Exercise goal
From the first line of the data below through the line bearing "Dining Room Furniture", reproduce each line exactly; do not include pictures.

Records shown
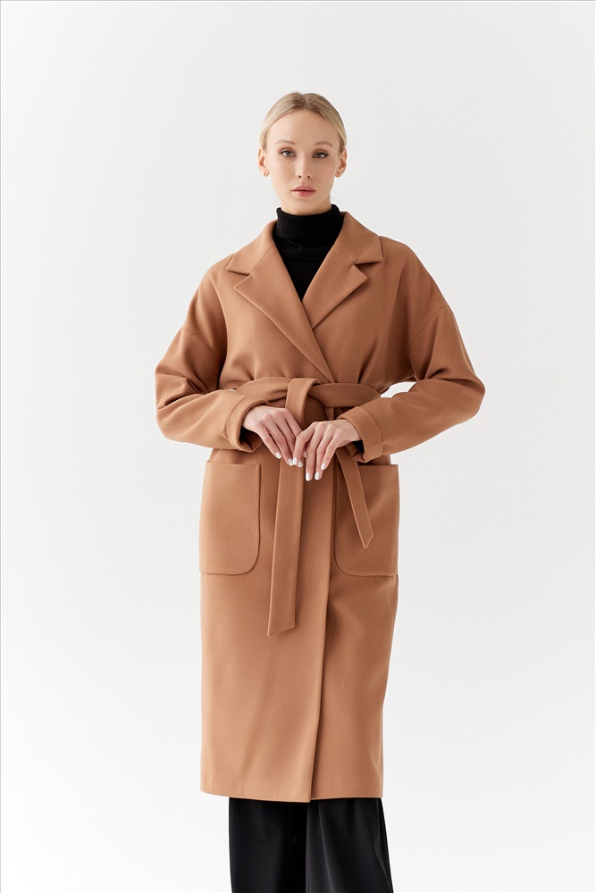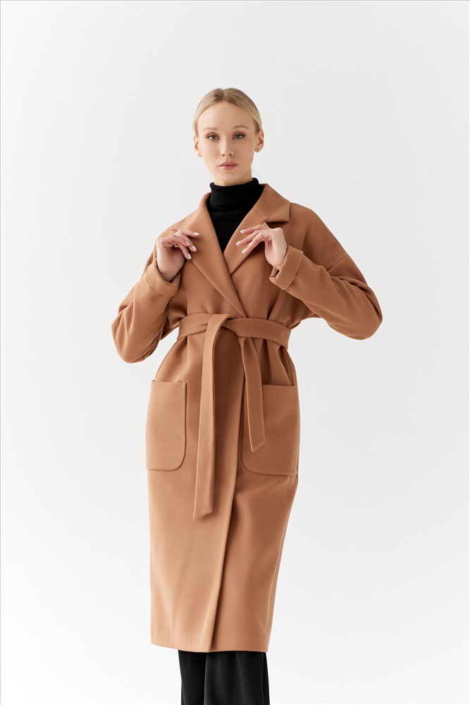 Пальто женское демисезонное 26820 (кэмел) 8 фото
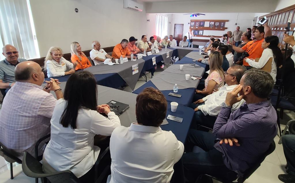Reynosa, Tam.- Representantes del comercio establecido y miembros de la Cámara Nacional de Comercio, Servicios y Turismo de Reynosa conocido por sus siglas (CANACO) se reunieron con el candidato de Movimiento Ciudadano a la Alcaldía Rigo Ramos, para discutir temas relacionados con el comercio local. Durante la reunión, los socios se mostraron muy atentos y participativos, abordaron diversos temas, en los que resaltaron la situación económica de la zona, Seguridad y la necesidad de apoyo para los pequeños negocios.
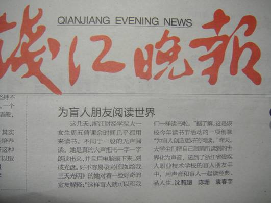 ----《钱江晚报》报道公司活动 5月12日,《钱江晚报》上以《为盲人朋友阅读世界》为题,报道了浙江财经公司员工们为盲人朋友读书的活动,同学们用自己的声音来代替盲人的眼睛,来替盲人感受世界。 《钱江晚报》上用“为盲人创造更好的阅读。”、“用声音和盲人一起读经典、品人生。”等语句高度评价了公司这项具有爱心与温情的活动。
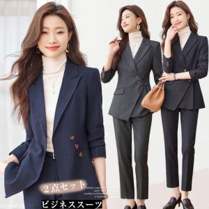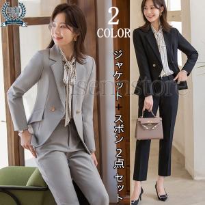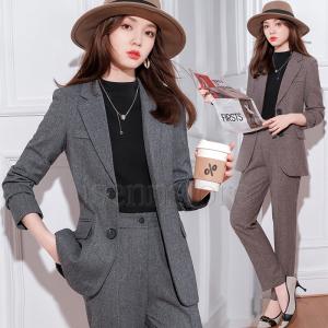 秋 お洒落 着痩せ 上品 パンツスーツ セットアップ 喪服 2点セット レディースフォーマルスーツ制服 事務服 無地 大きいサイズ スーツ ビジネススーツ 1ボタン
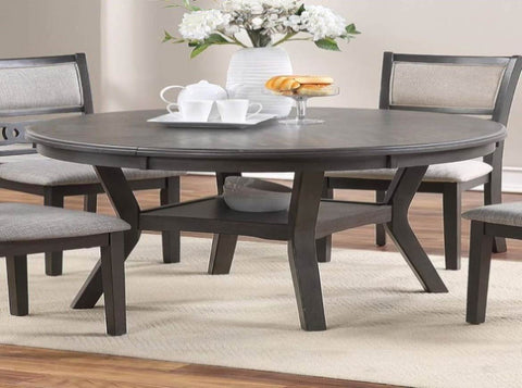 Dining Room Furniture Gray Oak Rubber wood MDF Round Table 1pc Table w Shelve B01156000
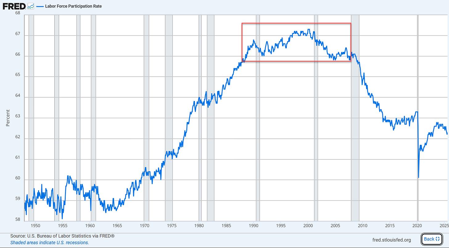 All else being equal, the aging of America since 1990 should have caused productivity to decline and inflation to rise; but it did not. We are well aware of the impact of technology, and most recently AI’s impact on productivity, but what other forces could be at work? We must ask this because we have experienced a change in inflation recently while productivity growth remains healthy with prospects to accelerate, so what else might be at work that has caused inflation to rise?
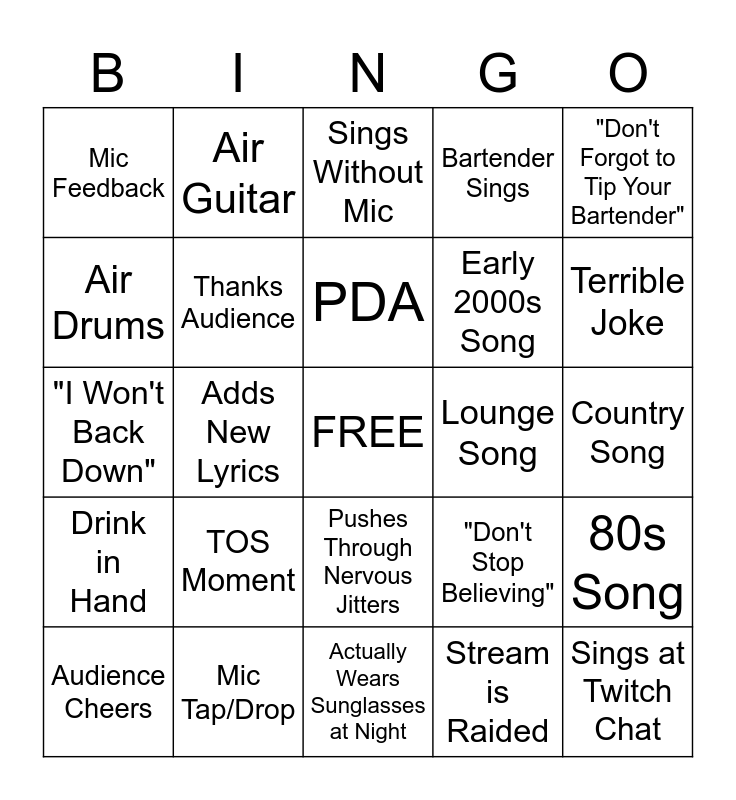 This bingo card has a free space and 65 words: No Show (Person Skipped), Same Artist Back to Back, Raps, 80s Song, 70s Song, Duet, Air Guitar, 90s Song, PDA, 3+ singers, Pushes Through Nervous Jitters, DJ Sings, Country Song, "Don't Forgot to Tip Your Bartender", 60s Song, Air Drums, Adds New Lyrics, Mic Feedback, Wrong Lyrics, Early 2000s Song, TOS Moment, Drink in Hand, Bartender Sings, "Baby Got Back", Clearly Drunk, Dances, Girl/Boy Band Song, Disney Song, Sings at Twitch Chat, Points/Waves at Camera, Audience Cheers, "Where's this place?" Someone in Chat Asks, Sings in Back to Back Songs, DJ Reads Comment in Chat, "Don't Stop Believing", Mic Tap/Drop, Punk Song, "I Won't Back Down", Stream is Raided, Laughs, Thanks Audience, Viewer Tips (Subs, Bits, Dono, etc), Lounge Song, Devil Horns (Hand Gesture), Waves Hands, Claps, Terrible Joke, Takes Selfie, "My Way", Mumbles, Yells, Weird Al Did Parody of This, Takes Off Cloths (Hat, Jacket, Shirt, etc), Actually Wears Sunglasses at Night, Comments About Messing Up, Wrong Song, Mic Muted, Sings Without Mic, Pearl Jam Song, Billy Joel Song, Elton John Song, Phil Collins Song, ABBA Song, Snaps Fingers and Gets Audience to Participate.
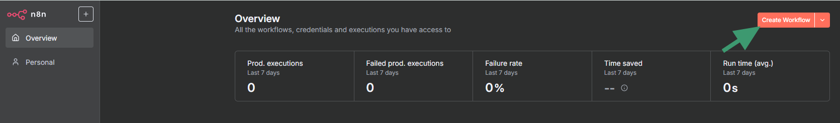 Step 1: In n8n, click "New Workflow"
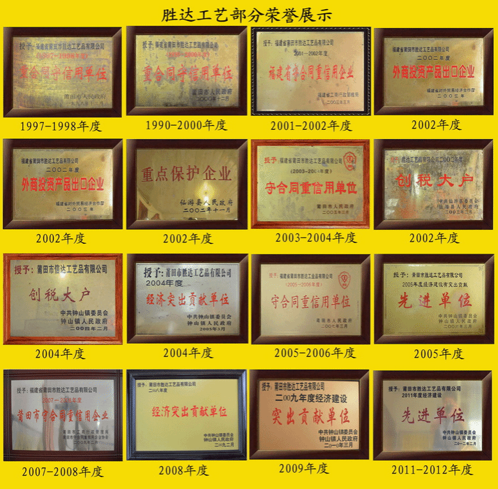 胜达工艺品有限公司勇于承担企业社会责任,热心公益事业,以“优质产品、诚信经营”作为经营理念,全力服务于中国国内的贸易公司,国外的采购商,国内的批发商,连续多年被评为优秀模范企业。
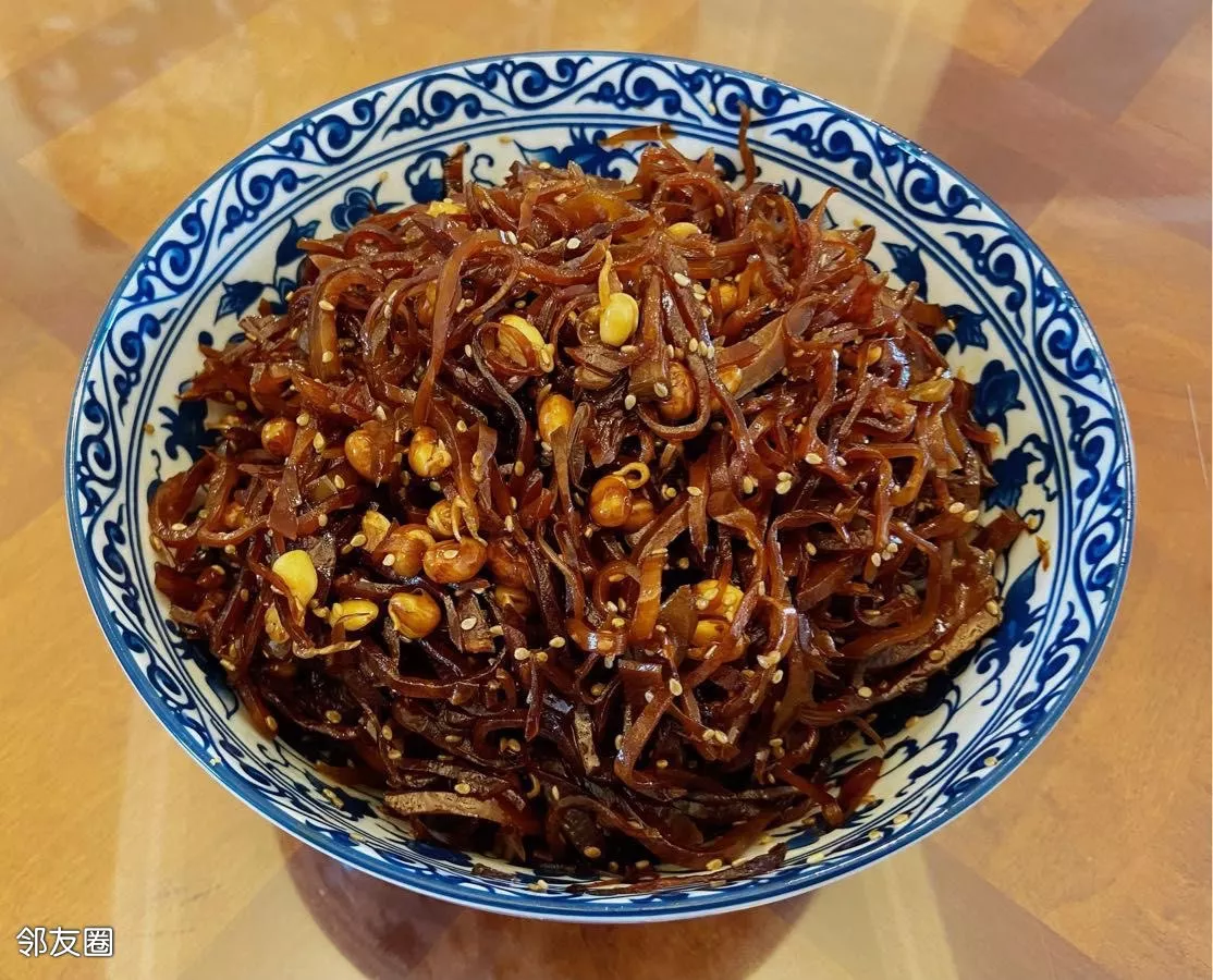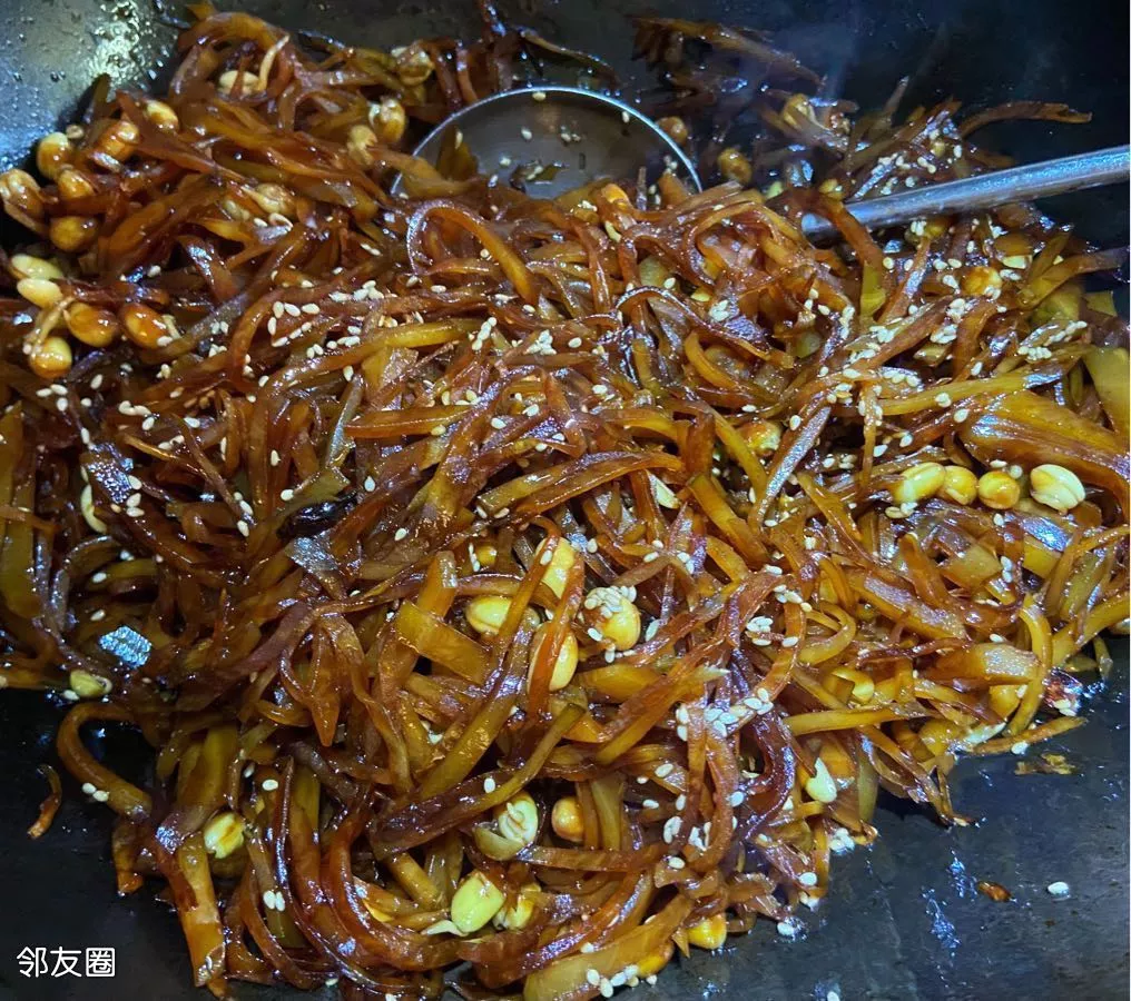 调料就加白糖、少加点老式酱油或者生抽、再加入红烧酱油即可(炒颜色红润、颜色深一点有食欲)。盐千万不要再加了,再加盐先前泡水的过程就白费了……炒至锅底无汤汁,即可出锅……

Task solution
 Пальто женское демисезонное 26820 (кэмел) 8 фото
Reynosa, Tam.- Representantes del comercio establecido y miembros de la Cámara Nacional de Comercio, Servicios y Turismo de Reynosa conocido por sus siglas (CANACO) se reunieron con el candidato de Movimiento Ciudadano a la Alcaldía Rigo Ramos, para discutir temas relacionados con el comercio local. Durante la reunión, los socios se mostraron muy atentos y participativos, abordaron diversos temas, en los que resaltaron la situación económica de la zona, Seguridad y la necesidad de apoyo para los pequeños negocios.
 ----《钱江晚报》报道公司活动 5月12日,《钱江晚报》上以《为盲人朋友阅读世界》为题,报道了浙江财经公司员工们为盲人朋友读书的活动,同学们用自己的声音来代替盲人的眼睛,来替盲人感受世界。 《钱江晚报》上用“为盲人创造更好的阅读。”、“用声音和盲人一起读经典、品人生。”等语句高度评价了公司这项具有爱心与温情的活动。
 秋 お洒落 着痩せ 上品 パンツスーツ セットアップ 喪服 2点セット レディースフォーマルスーツ制服 事務服 無地 大きいサイズ スーツ ビジネススーツ 1ボタン
 Dining Room Furniture Gray Oak Rubber wood MDF Round Table 1pc Table w Shelve B01156000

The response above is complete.